Data provided:

....................

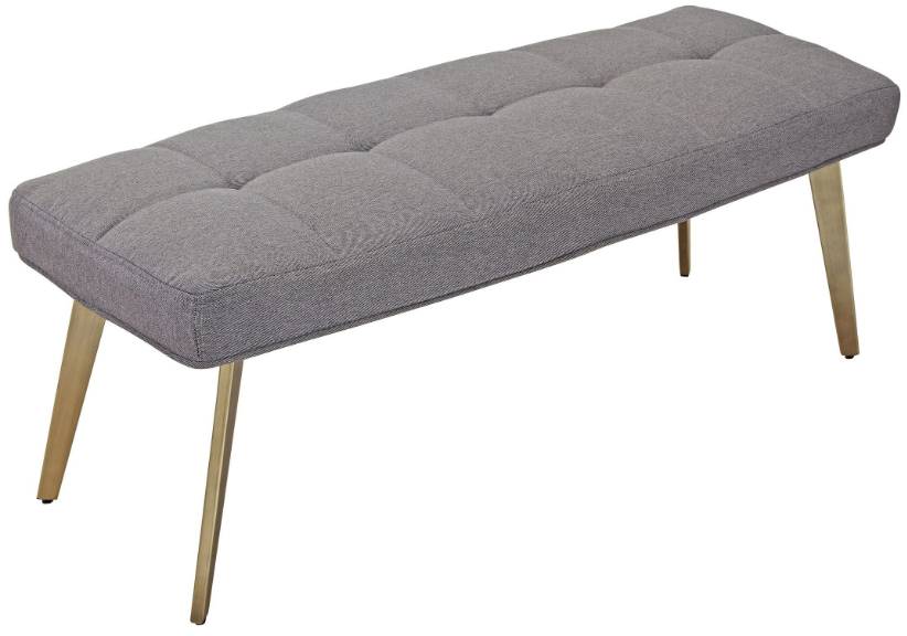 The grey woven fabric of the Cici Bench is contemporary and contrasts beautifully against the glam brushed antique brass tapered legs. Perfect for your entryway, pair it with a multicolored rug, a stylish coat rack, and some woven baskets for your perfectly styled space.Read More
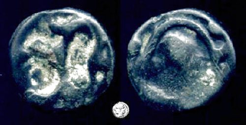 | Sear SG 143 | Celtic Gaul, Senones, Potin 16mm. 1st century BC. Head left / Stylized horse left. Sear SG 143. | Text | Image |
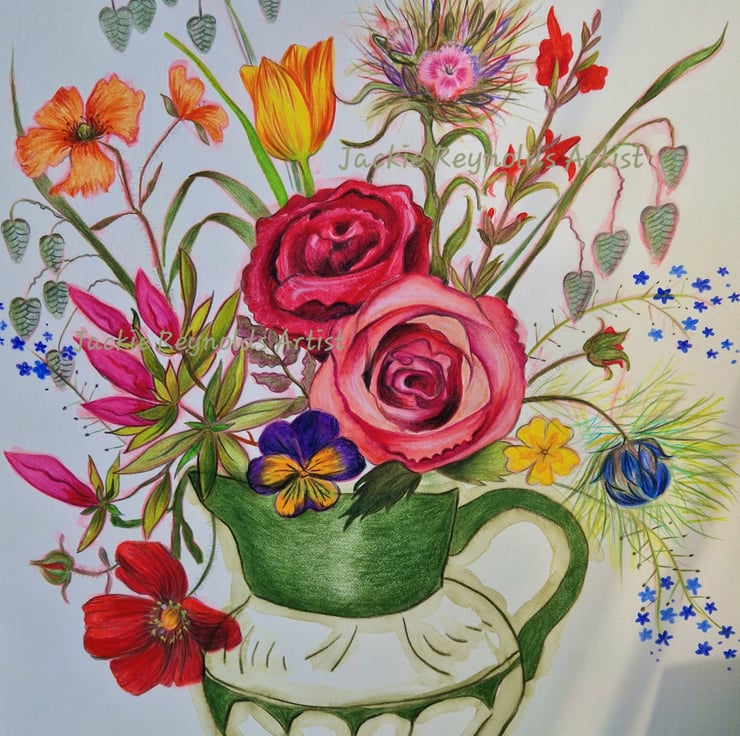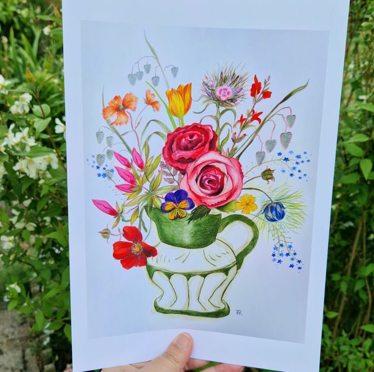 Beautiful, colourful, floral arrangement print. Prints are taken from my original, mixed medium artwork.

....................

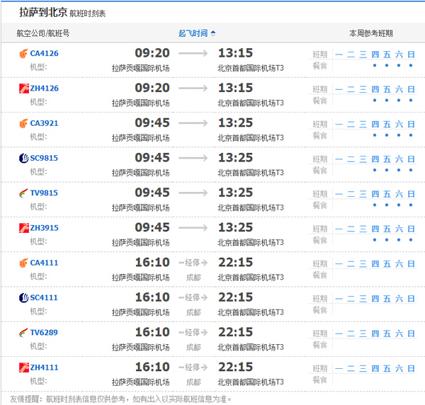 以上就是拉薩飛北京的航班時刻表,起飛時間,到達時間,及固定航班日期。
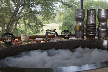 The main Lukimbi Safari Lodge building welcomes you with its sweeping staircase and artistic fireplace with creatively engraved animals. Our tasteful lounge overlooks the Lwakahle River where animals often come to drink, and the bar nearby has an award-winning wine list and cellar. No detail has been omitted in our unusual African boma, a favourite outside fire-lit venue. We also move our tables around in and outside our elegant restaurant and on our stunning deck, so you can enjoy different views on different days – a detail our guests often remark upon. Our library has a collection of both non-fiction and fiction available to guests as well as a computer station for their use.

....................

What to work on: What's needed is an exact copy of the lines above from the one with "The grey woven" through the one with "Beautiful, colourful, floral", both included; the pictures stay out.

Completed task:
 The grey woven fabric of the Cici Bench is contemporary and contrasts beautifully against the glam brushed antique brass tapered legs. Perfect for your entryway, pair it with a multicolored rug, a stylish coat rack, and some woven baskets for your perfectly styled space.Read More
 | Sear SG 143 | Celtic Gaul, Senones, Potin 16mm. 1st century BC. Head left / Stylized horse left. Sear SG 143. | Text | Image |
 Beautiful, colourful, floral arrangement print. Prints are taken from my original, mixed medium artwork.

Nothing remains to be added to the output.